Я и сам толком не понял, как у меня вырвалось это слово.
«Какая к лешему жена?» – хочется закричать мне.
– Жена? – хмыкает Майя, смаргивая слезы. – Нас еще не расписали, Роди. Пока можем поздравить друг друга с приятным знакомством. А вот с законным браком только завтра. И то при условии, что мы вовремя приедем в ЗАГС…
– А что может нам помешать? – рыкаю я, нависая над ней. – Ноги переломаем, когда с лестницы спускаться будем? Или ты превратишь меня в лягушку?
– И прикажу прислуге приготовить тебя на обед, – усмехается наглая девица. – Это идея, Роди!
Я не знаю, что меня бесит в ней больше всего. Этот независимый вид или дурацкое «Роди».
– Какой я нафиг Роди? – бурчу я, проводя ладонью по животу Майи. Чувствую, как под моей рукой чуть напрягаются мышцы пресса.
«Нужно узнать, каким спортом она занималась», – думаю я и, придавив красавицу к кровати, жарко шепчу ей в ухо:
– Я знаю самый лучший способ побороть твою хандру… Ты не пожалеешь…
Провожу языком по шее, затем спускаюсь в маленькую и трогательную ложбинку ключицы.

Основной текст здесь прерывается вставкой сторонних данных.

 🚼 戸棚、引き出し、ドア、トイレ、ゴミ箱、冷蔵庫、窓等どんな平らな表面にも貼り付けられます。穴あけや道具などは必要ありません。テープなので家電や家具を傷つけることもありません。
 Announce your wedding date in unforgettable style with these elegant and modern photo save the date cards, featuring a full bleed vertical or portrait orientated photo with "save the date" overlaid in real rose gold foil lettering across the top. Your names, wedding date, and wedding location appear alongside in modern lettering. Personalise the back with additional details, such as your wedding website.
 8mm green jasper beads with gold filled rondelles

«Ты не пожалеешь, – повторяю я про себя. – Но у девчонки совершенно нет выбора. Вот и пусть отрабатывает», – хмыкаю я и тут же понимаю, что в этой битве нет победителей и побежденных. Одна лишь страсть, твою мать! Я не осознаю, в какой момент меня накрывает с головой. И я как сопливый юнец, добравшийся до бесплатной телки, могу лишь мычать, осознавая, что эта женщина моя. Только моя!

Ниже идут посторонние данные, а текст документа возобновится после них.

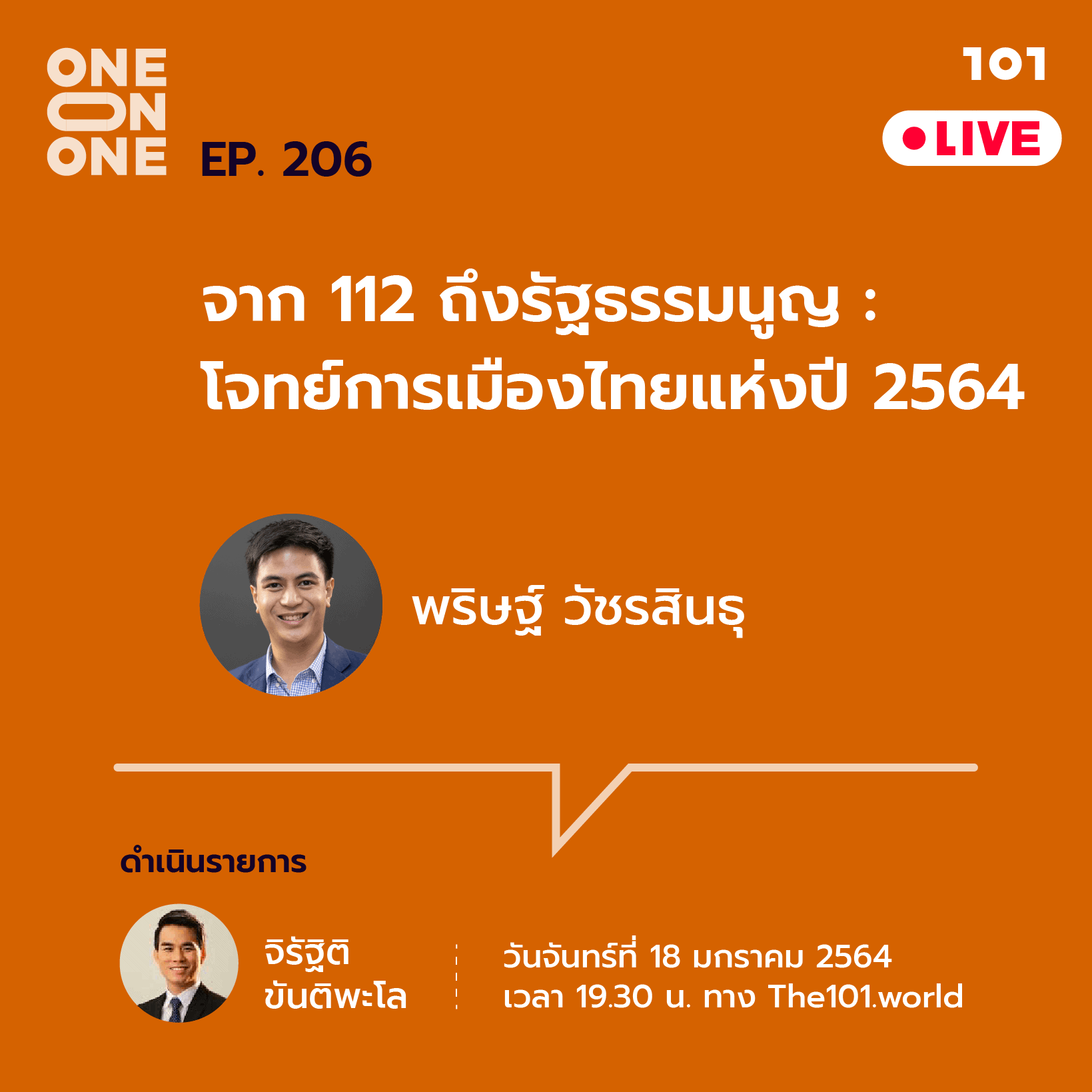 :: LIVE :: 101 One-on-One Ep.206 “จาก ม.112 ถึงรัฐธรรมนูญ : โจทย์การเมืองไทยแห่งปี 2564” กับ พริษฐ์ วัชรสินธุ
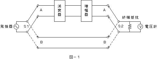(1) 図−1において、スイッチS1及びS2をB側に接続した状態での電圧計の読みは、48ミリボルトである。次にS1及びS2をA側に切り替え、減衰器の減衰量を12デシベル、増幅器の利得を(
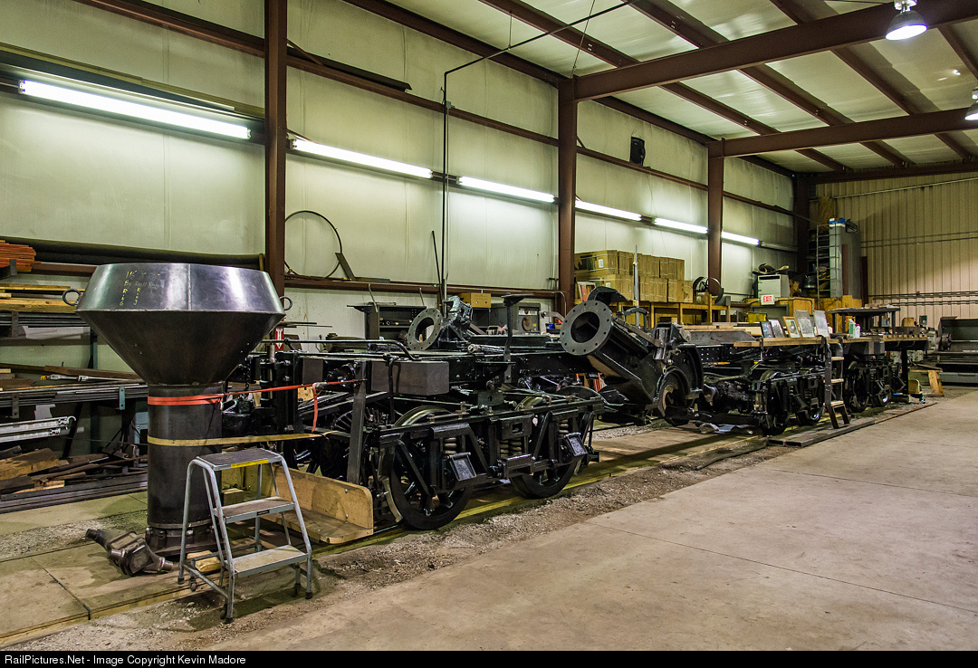 In the early 2000s, the MSRLHA decided to try and restore the locomotive for active service on the Cass Scenic Railroad. Doing so would not only revive an important historical artifact, but also give Cass at least one operating example of all three major types of geared steam engines. It has been over a decade, but the project is finally starting to enter its final phase. The frame and trucks are largely done. That's what you see here. In addition, other large components have been constructed, such as the cab, fuel bunker, and water tank. A replacement boiler for the original, worn-out piece has been found and overhauled. All that really remains before final assembly can begin is a few major components from the drive train that still need work. If all goes well, this engine could be ready in a couple of years.
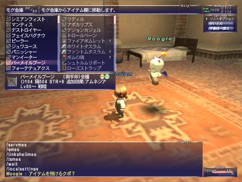 こっちのほうが削りに時間がかかったきがします。呪い+ダメージのWSが強力で、治すことができず、しかもケアルの回復量も0になります。異常時間はそれほど長くないです。結局走りながら戦いました。明鏡止水を何度も使用するので、そのときだけは気を付けて戦いました。

Я засыпаю, когда за окном начинает светать. Майя, откатившись, спит на другой стороне кровати. Честно сказать, я не сразу не пришел в себя от ночного марафона, когда словно по волшебству хитрый маленький чижик превратился в гибкую и яростную пантеру. Багира, блин!
Мне кажется, еще чуть-чуть, и я начну с рук есть у этой аферистки. Интересно, какие техники она применяет? Гипноз? НЛП?
Скорее всего, я совершаю глупость, решив жениться именно на ней. Но сделка, мать ее так! Канская ни за что не продаст землю, если заподозрит меня в обмане. Или продаст Фигнищеву.
Ни один из этих вариантов меня не устраивает. Лучше уж с год потерпеть Майю Белецкую, чем уступить Фигне!
«Да и Майя Белецкая не потомственная ведьма», – хмыкаю я про себя и тут же отчетливо понимаю, что больше всего на свете я хочу прижаться всем телом вот к этой самой женщине, и, проваливаясь в сон, я инстинктивно притягиваю ее к себе. Ощущаю прикосновение каждой клеточкой. Кожа к коже по всей длине нагого тела. Засыпая, я чувствую, как в душе разливается глупая и наивная безмятежность, дарящая радость и покой. И кажется, будто я возвращаюсь в детство, когда каждый день был солнечным и беспечным.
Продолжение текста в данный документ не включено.